Comment je suis devenu croque-mort animalier ? (vidéo)

Douar Eñvor en Breton, la terre du souvenir. C’est le nom du cimetière animalier qu’a créé Gabriel de Pimodan, au cœur d’un espace boisé à Langolen (29) Bretagne.

C’est le deuxième de ce type seulement en Bretagne. Un lieu dédié au repos et à la mémoire de nos amis à plumes, à poils ou à écailles, dans le cadre naturel et boisé du domaine de Trohanet.

Cet espace se veut une alternative à l’incinération ou à l’équarrissage de nos fidèles compagnons. Rencontre avec Gabriel de Pimodan, le créateur de ce site du souvenir.

1000 m² dans le bois de Trohanet. Cet espace accueille depuis fin août un cimetière pour animaux, « Douar Eñvor / La Terre du souvenir », le seul dans le Finistère.

A l’iniative de ce projet, un père et son fils, Baudoin et Gabriel de Pimodan. Ils ont toujours eu des animaux. Il y a dix ans, ils ont enterré chez eux leur chienne Myrtille. Ils ont alors été surpris lorsque des personnes attachées à elle avait demandé où elle était, pour pouvoir se recueillir.

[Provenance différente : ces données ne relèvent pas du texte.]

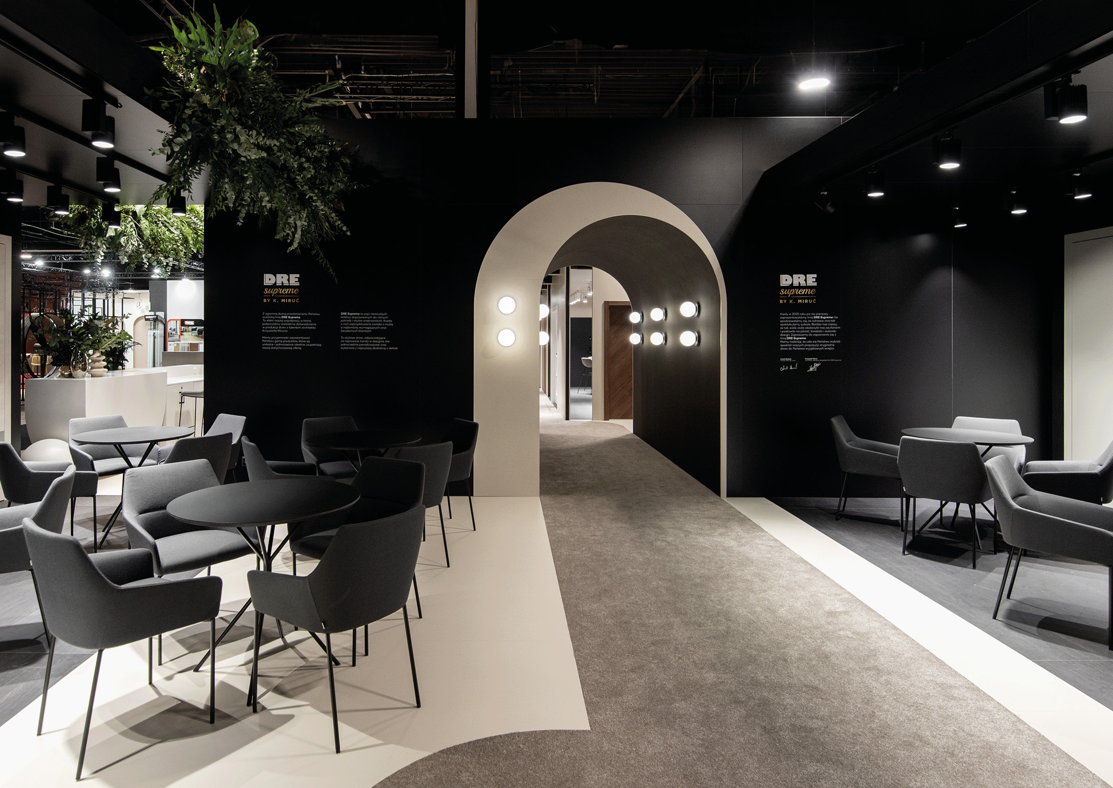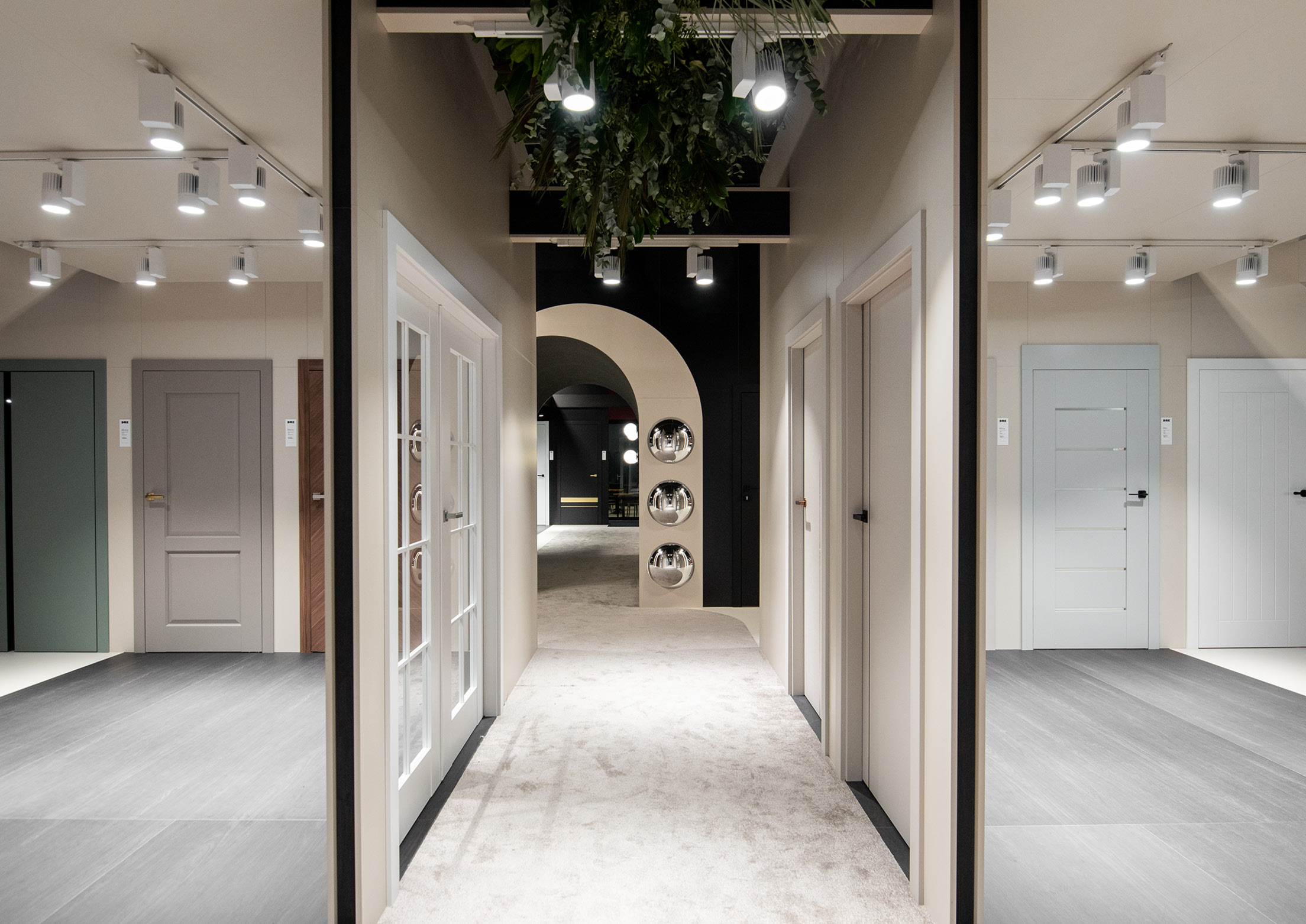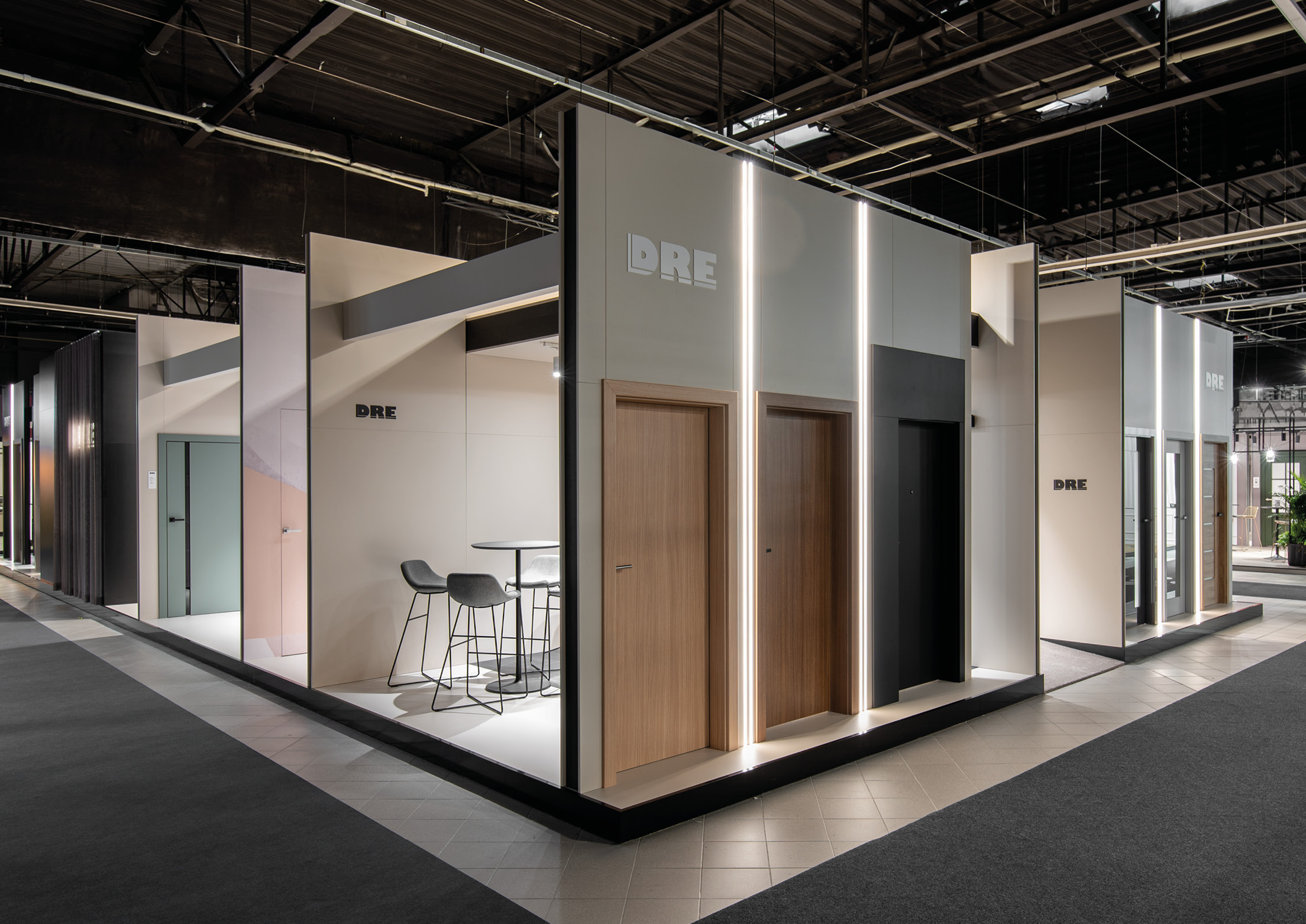 The stand was divided into two contrasting spaces – white and black – connected by an architectural portal, creating a striking space for door display. The contrast between these spaces created an ideal backdrop for showcasing the diverse door collection.

Un lieu pour montrer son respect et son attachement

Leur cimetière est ouvert, accessible tout le temps. Ils proposent un système de concession, de 5 ans minimum. Les tarifs varient selon le poids de l’animal (pas plus de 40 kg de toute façon). Gabriel joue parfois le rôle d’officier de cérémonie, à la demande. Les clients viennent de toute la Bretagne. Gabriel sait qu’il répond à une demande, celle d’un lieu où rendre un hommage.

« On voulait garder une trace de son passage »

Christophe a choisi d’y enterrer Hector, son chien. C’est avec émotion qu’il évoque sa perte subite en septembre, à la suite d’un problème de santé.

« On n’a pas eu le temps de se préparer à son départ.«  Il avait entendu parler du cimetière dans la presse. L’endroit s’est tout de suite imposé, « apaisant ». « Nous ne voulions pas le laisser partir à l’équarissage. Nous voulions garder une trace de son passage, il nous a beaucoup apporté pendant huit ans et demi », raconte Christophe.

Dès qu’il le peut, il vient sur la tombe. Il apprécie les petites attentions de Gabriel, très à l’écoute dit-il.

Ouvrir un cimetière pour animaux

Pour ouvrir un tel cimetière, il faut l’autorisation de la mairie ainsi que des services d’hygiène de la préfecture.

 « Il faut être à une certaine distance des cours d’eau et des habitations » explique Gabriel. Il faut également respecter une profondeur d’au moins 1 mètre, pour éviter que d’autres animaux ne viennent déterrer les corps. « Ici nous on va jusqu’à 1m20 ». Enfin, il s’agit d’être sûr que l’animal n’a pas mordu 15 jours avant, pour assurer un suivi sur la rage.

Douar Eñvor peut accueillir entre 120 et 150 animaux.